六合夜市を歩いていると、どうしても視線は派手な方へ引っ張られる。
明るい照明、山盛りの具材、写真を撮る人の列。

その少し外側。
同じ夜市の通りにありながら、明らかに空気が違う一角がある。
それが、六合路肉燥飯だ。


看板と現実のズレ

店名だけを見ると、肉燥飯の店に見える。
実際、肉燥飯もちゃんとある。南部らしい、やや甘めで軽い脂の丼だ。

けれど、客の多くが頼んでいるのは別のものだ。
テーブルを見渡すと、湯気を立てるのは海鮮粥鱸魚湯ばかり。

看板に偽りあり、というより。
「わかっている人だけが、自然に正解を選んでいる」
そんな空気が流れている。


映えない海鮮粥

六合夜市には、海鮮粥の有名店がある。
具材が豪快に盛られ、写真映えする一杯だ。

一方、六合路肉燥飯の海鮮粥は地味だ。
色も茶色く、派手さはない。

けれど、スプーンを入れるとすぐにわかる。
魚介の出汁が、米の一粒一粒にまで染みている。
牡蠣、ハマグリ、イカ。
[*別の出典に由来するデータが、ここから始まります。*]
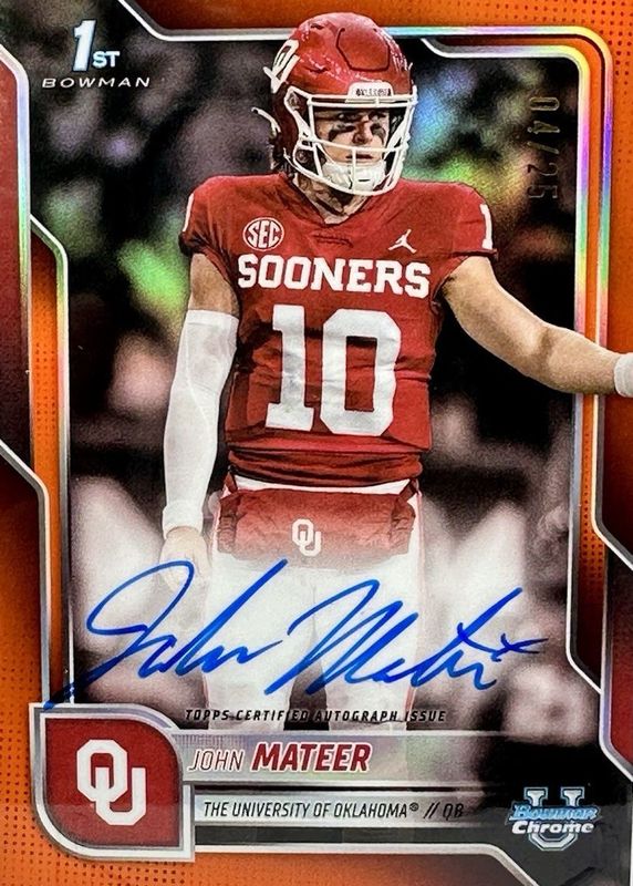John Mateer 2025 Bowman Chrome University #BCA-JM Prospect Auto - Orange Refractor /25 (1st) RAW Price Guide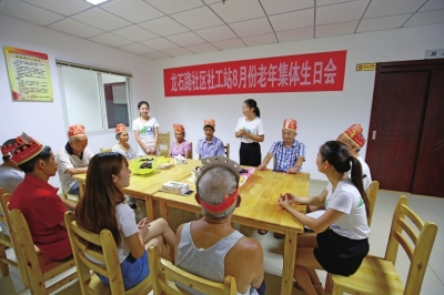 据了解,“六个一服务”即:针对特殊困难老人,每半月一次入户探访,建立重点人员个案服务档案,掌握服务对象的需求和困难并及时解决;每月打一个电话或发一条短信(每年每人12次),关心、慰问其身体、生活情况,及时了解其家庭的困难以便提供帮助;每个月开展一次老年小组活动,如插花、剪纸等培训,丰富业余生活、加强互助支持、提高自我效能;每两月开展一次节日主题活动,特别是在春节、端午节、重阳节等传统重点节日,丰富老人晚年生活;每两月为老人们过一次集体生日,让他们感受到社会的温暖;每季度开展一次老年课堂,内容涉及养生保健、饮食锻炼、心理调适等方面,倡导老人晚年健康生活。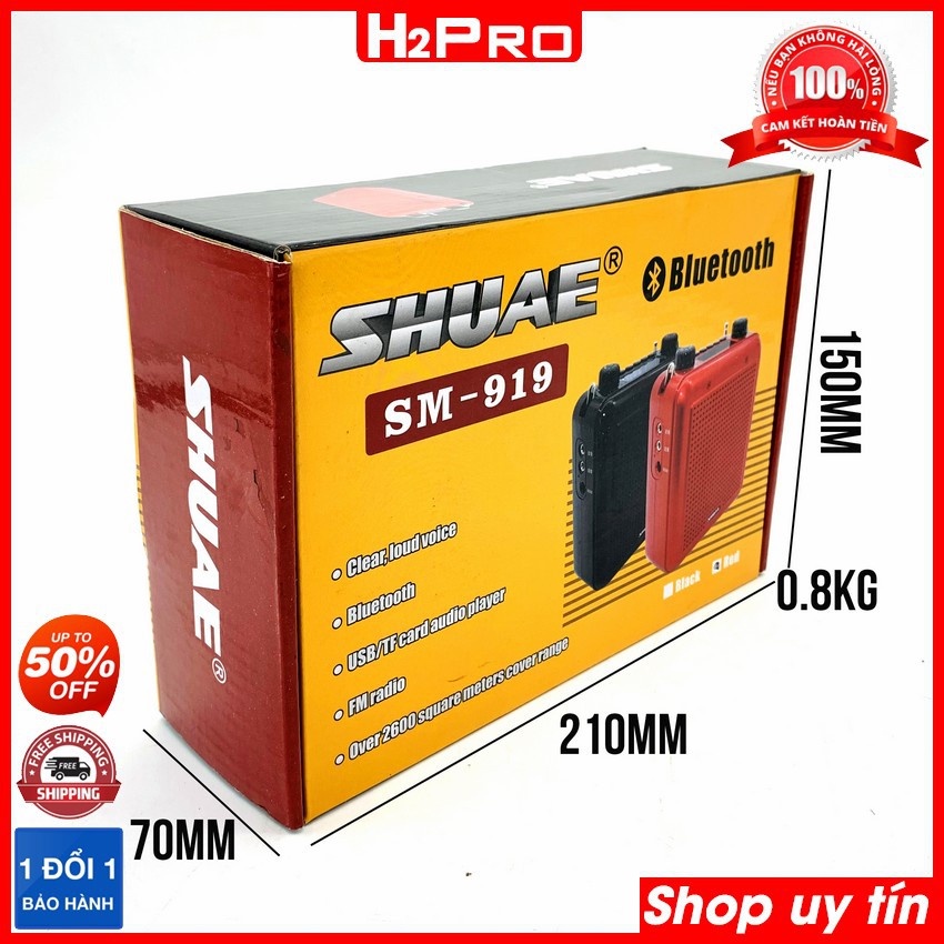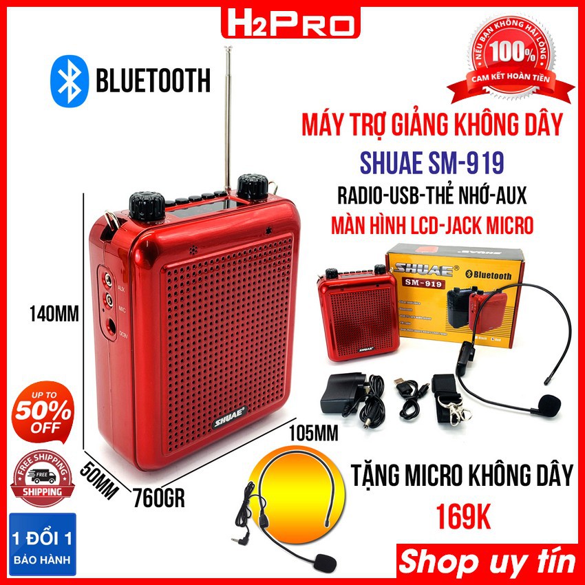 Máy trợ giảng không dây SHUAE SM-919 H2Pro Bluetooth-AUX-USB-Thẻ nhớ, có Radio-nghe nhạc (tặng mic trợ giảng không dây)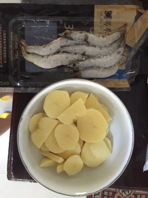 土豆切厚片,然后隔水煮,虾要去头,然后背切,将黑线拿掉,将虾壳剥了只留三分之一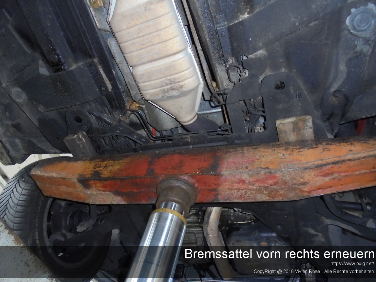 Ich hob das Fahrzeug an geeigneten Stellen laut Hersteller gleichmäßig hoch, um das Rad vorn rechts zu demontieren.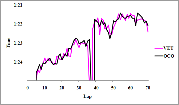 そして5つ目は第1スティントのペースマネジメントだ。図1にオコンとベッテルのレースペースを示す。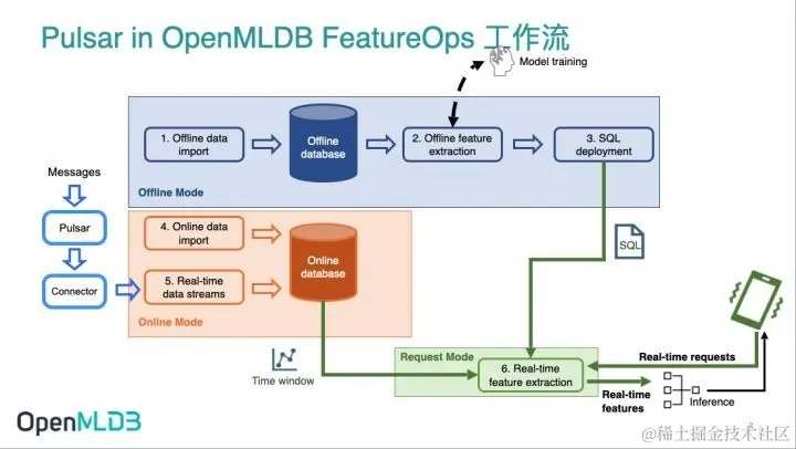 OpenMLDB Pulsar Connector,高效打通实时数据到特征工程,大幅提升数据使用效率、助力开发者构建实时数据管道、使企业更专注和更高效的探索数据的商业价值。 在 Pulsar in OpenMLDB 的工作流中,Connector(位置如下图所示)帮助开发者轻松地将消息系统 Pulsar 与开源机器学习数据库 OpenMLDB 结合使用,面向机器学习发挥出 Pulsar 最强大的实时价值。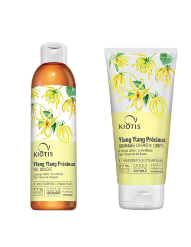 Esfoliante purificante dalla texture avvolgente e cremosa per una esfoliazione efficace che lascia la pelle morbida ed elastica + Bagnoschiuma cremoso con estratti naturali YLANG YLANG rilascia un profumo velluttuoso che vi trasporta in un bagno di fiori di Ylang Ylang + Olio Secco per corpo e capelli per una idratazione della pelle perfetta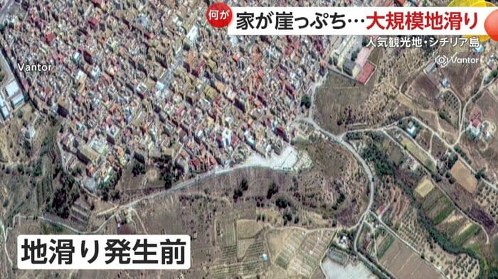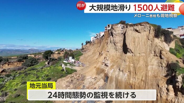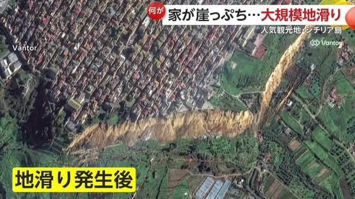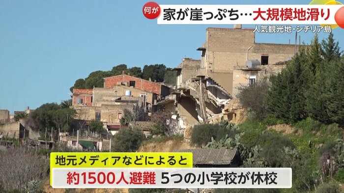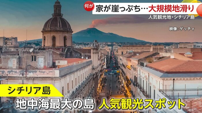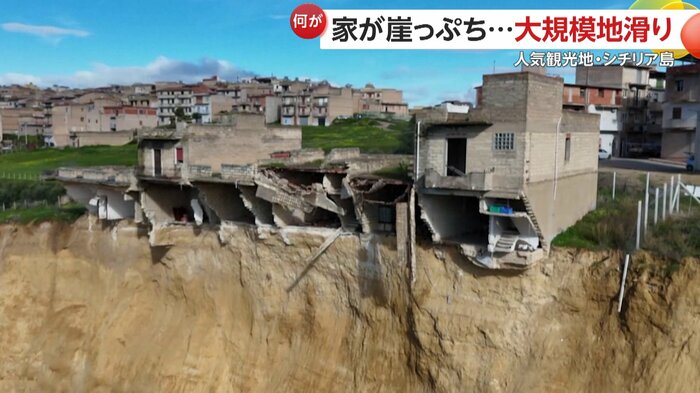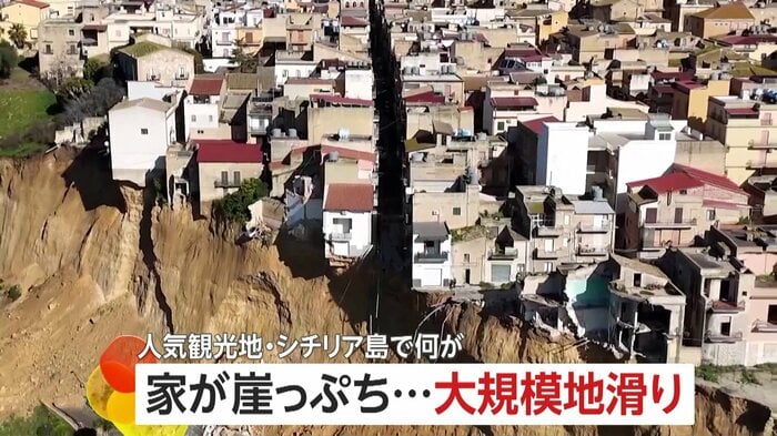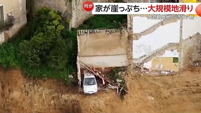 イタリアのシチリア島で25日大規模な地滑りが発生し、約4キロにわたって斜面が崩れた。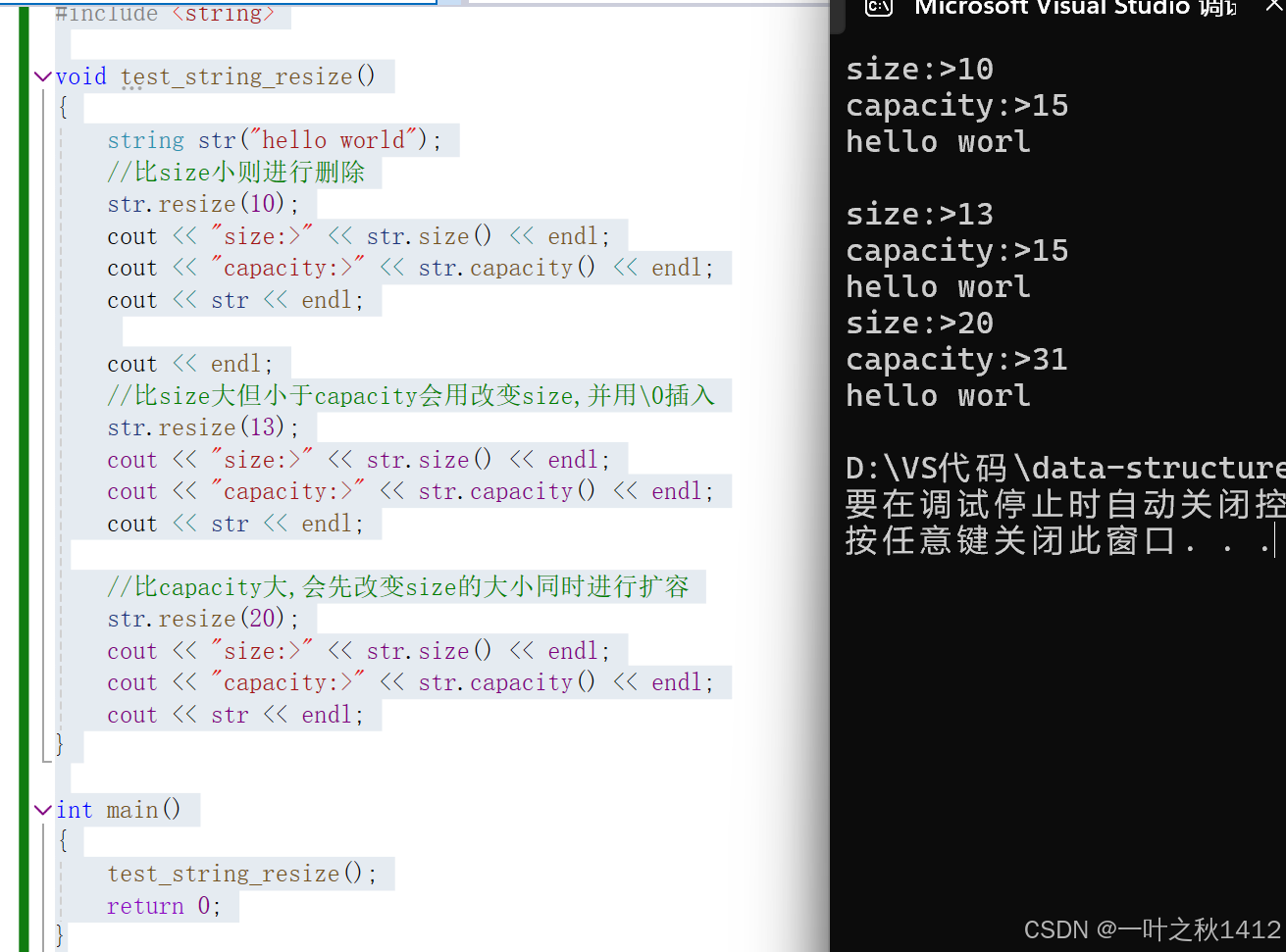 //比size大但小于capacity会用改变size,并用\0插入

主張しすぎない具材が、スープの厚みを支えている。

ここは「具を食べる粥」ではなく、
出汁を食べる粥だ。


優しい鱸魚湯

もう一つ、静かに人気なのが鱸魚湯(スズキのスープ)
澄んだスープに、淡白な白身。

台湾では滋養食として知られていて、
病後や産後に飲まれることも多い。

旅の途中で、胃が少し疲れている時。
派手な夜市料理の合間に、これほどちょうどいいものはない。

塩気は控えめ。
味を足す必要もない。


六合夜市の「端」

場所は、六合夜市の端っこだ。
ここだけは屋台ではなく「食堂」の時間が流れている。

観光客の声より、
地元の会話と食器の音の方がよく聞こえる。

行列に並ぶこともない。
写真を撮る人も少ない。

ただ、黙々と出汁をすする人がいるだけだ。

六合路肉燥飯は、
「見栄えよりも中身」を選ぶための、
ちょうどいい場所にある。

夜市の喧騒の中で、
一歩だけ引いた選択。


六合路肉燥飯

住所: 800高雄市新興區自立二路112號

営業時間: 09:00 – 20:30 (火曜定休)

アクセス: MRT美麗島駅 11番出口から徒歩約5〜8分。六合夜市の西端近く。

地図https://maps.app.goo.gl/ijsGHd4BPr7EGisw8

看板は「肉燥飯」だが、多くの客が「海鮮粥」や「鱸魚湯」を注文する。派手さはないが、出汁が効いた滋味深い味が特徴。